The Bible is chock full of cross-references – interactions with other cultural texts, for sure, but the incredible number of cross references between the 66 books that became the Christian Bible is quite amazing. There are 63,000 cross references in the Bible depicted in this graphic.

Bible-Cross-References-Infographic

Some of these cross references are more hefty than others – but the way the Bible links the words of the prophets in the Old Testament with the actions and words of Jesus is pretty stunning story-telling (more stunning if the connections are what actually happened, not just things creative writers invented – and I believe they are). This sort of intertextuality is Tarantino on steroids – that definitive guide to Tarantino, impressive though it is, contains 179 examples. Examples from one guy. From 18 of his movies. This infographic depicts about 352 times the number of references Tarantino managed, from 66 books, written by about 40 authors.

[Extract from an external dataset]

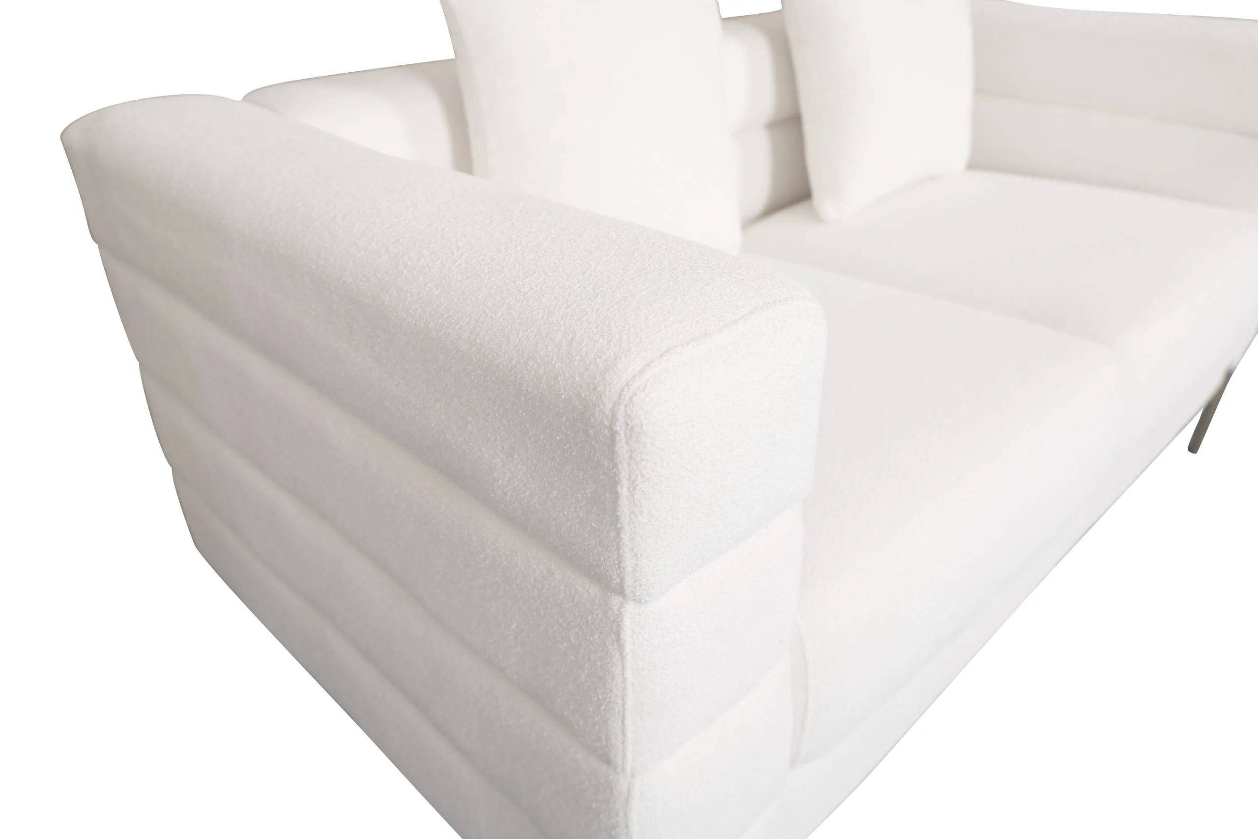 Diivani eripäraks on selle luksuslik boucle kangas, mis sisaldab hõbedast niiti, lisades peene sära ja tekstuuri. Komplekti kuuluvad padjad loovad lisamugavust ja võimaldavad luua hubase atmosfääri. Kokkupandud, ei vaja paigaldust, säästes teie aega ja vaeva.

The Bible’s intertextuality, in my opinion, is significantly more impressive because of the integration of the creativity of so many people, over so long, to tell a coherent story that also does both pop culture references and references within the universe of the Biblical texts.

As far as I’m concerned there are two options with the Bible. It is definitely an amazingly integrated story full of deliberation, intricacy and elegance – transcending a bunch of archaic genres that we aren’t particularly well equipped to grapple with. This story is either fiction, invented by a string of genius Tarantino like humans, operating across cultures, or it is truth, divinely authored through a string of genius Tarantino like humans. I like the concluding remarks from the essay I, Pencil mentioned above, at this point. I think what is true in this paragraph about the making of a pencil is truer about the writing of the Bible.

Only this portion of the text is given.